Handily, although the new boat was still a turbine steamer, it was oil fired, so no more taking on coal and the dirt, dust, and backbreaking toil that entailed. In a year he would be going ashore to take his 2nd Mate’s ticket, he couldn’t know he would never go to sea again, except as a cruise passenger.

The second half of Gil’s book – erm, I did mention the book didn’t I? – concerns itself with the people who made the Cairn Line, ‘a correlation of seafarer’s tales from those who, at some time in their careers, served on a Cairn ship’.

John Oliver Band, Master Mariner, whose hometown newspaper The Belper News recorded thus: ‘Captain Band of the Cairnisla, who gallantly saved a crew of 13 lives, 2nd March 1904, from the barque Mary A. Troop. 25 days a wreck, for 9 days the crew had neither food nor water. They ate wood and chewed lead to appease hunger and thirst’. He ‘retired’ from his post in the early 1920s, having foresworn ‘never to use – the much cheaper – lascar crews’.
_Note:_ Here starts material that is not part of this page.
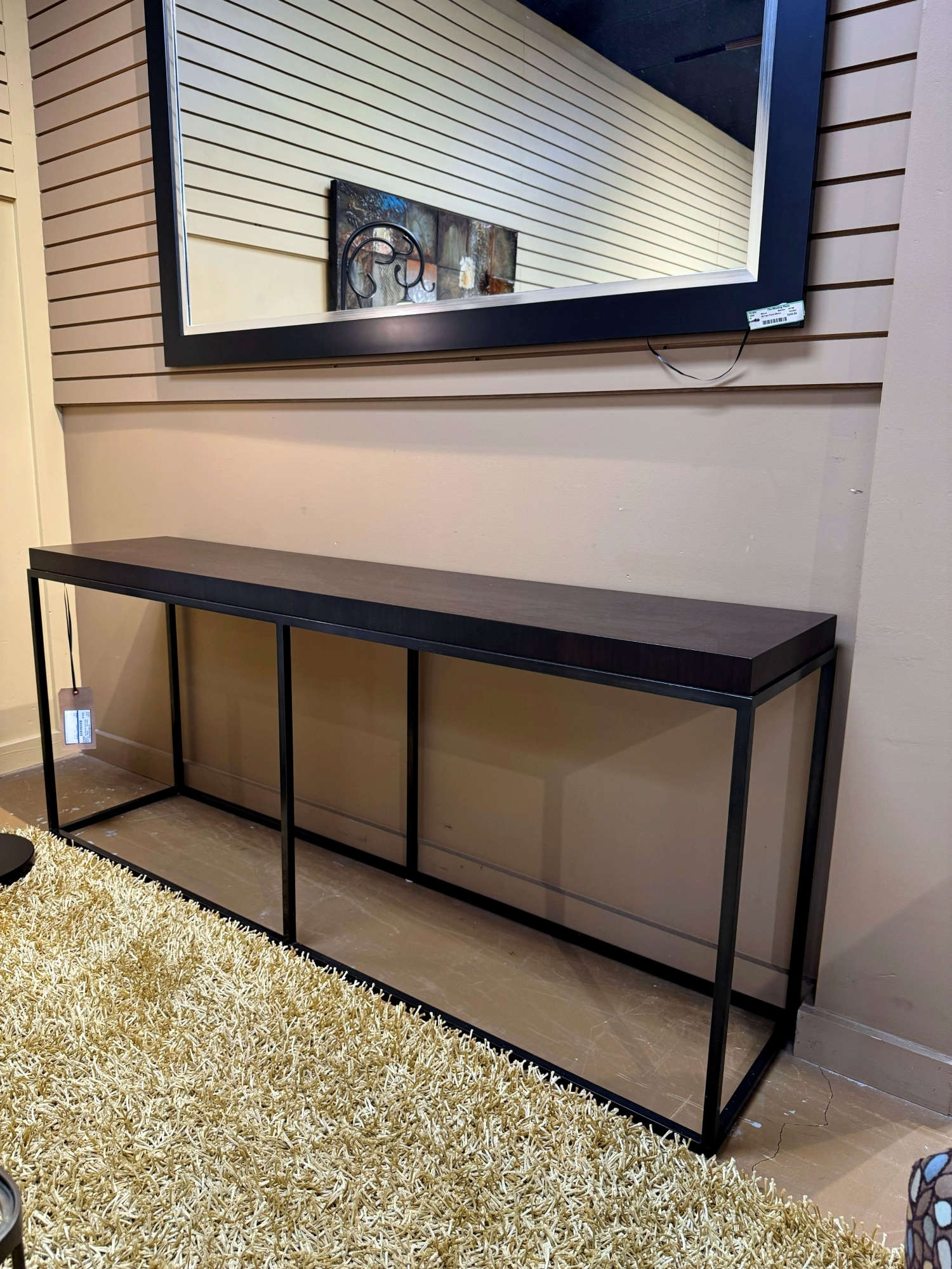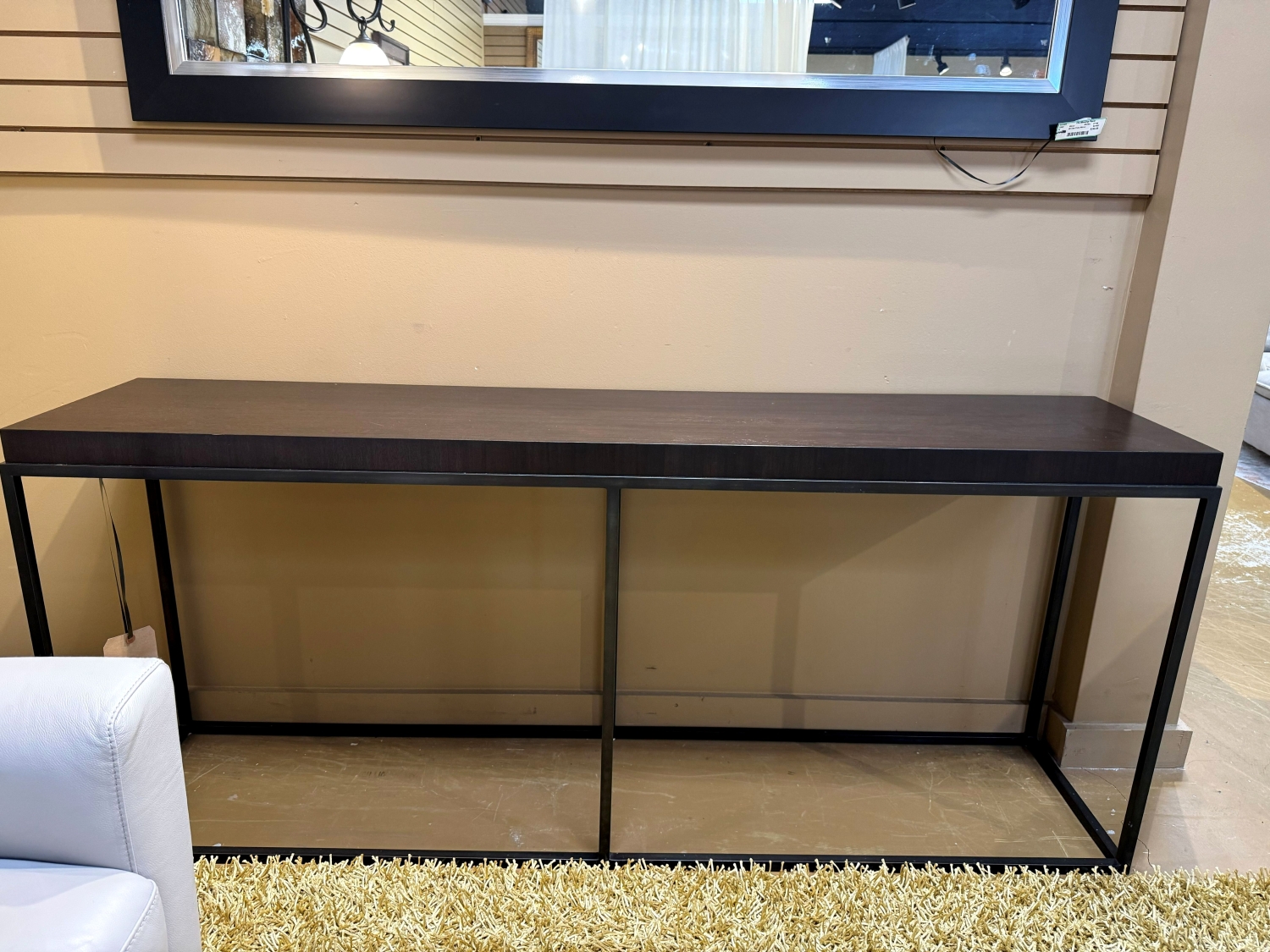 Restoration Hardware Nicholas console table in dark oak on metal legs. Inspired by 1960s French design, this table by Anthony Cox combines the warm texture of wood with a minimalist sculptural form. 72*16*30.
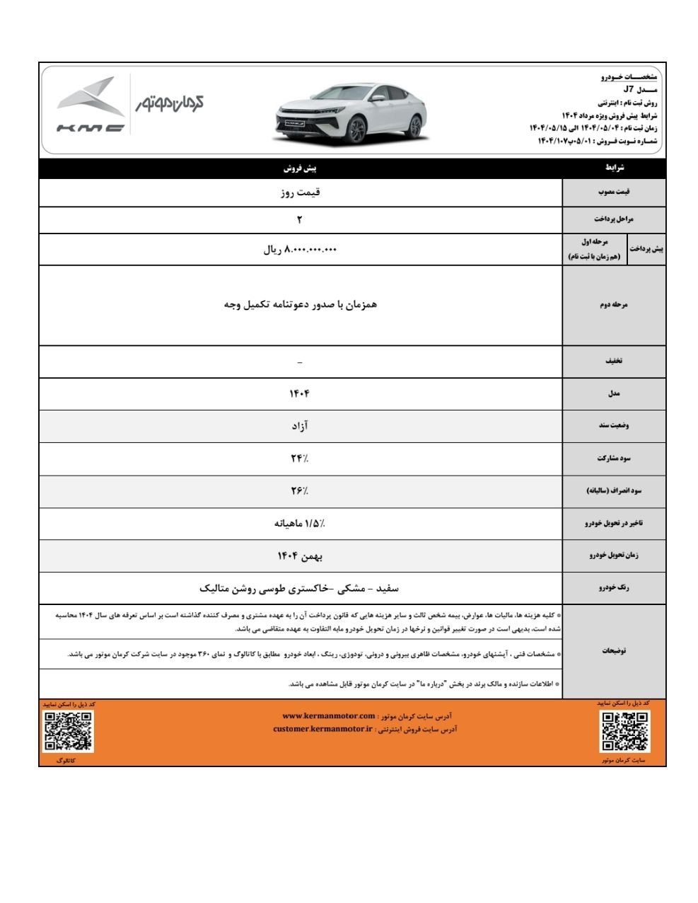 سدان محبوب کرمان موتور در شرایط پیش فروش نیمه اول مرداد 1404 با مبلغ پیش پرداخت 800 میلیون به فروش میرسد. موعد تحویل خودرو بهمن 1404 اعلام شده و سود مشارکت سالیانه 24 درصد است.

Ernest Cairns. Joined on 27th December 1916 on an ordinary apprentice’s indenture, being allowed £40 as follows: 1st year £5, 2nd year £8, 3rd year £12, 4TH year £15, with an allowance of 60p per annum for washing and a gratuity of £5 should he complete the indenture satisfactorily.

Edwin Needham, Master Mariner, on his first day, saw a seaman fall from the shifting boards to the bottom of the hold and die. An auction of his effects raised 38p. Later Needham secured a position as a Thames River Pilot in 1955. During this tenure he witnessed the demise of the British Merchant Marine, by the time of his retirement piloting a British ship was a rare event.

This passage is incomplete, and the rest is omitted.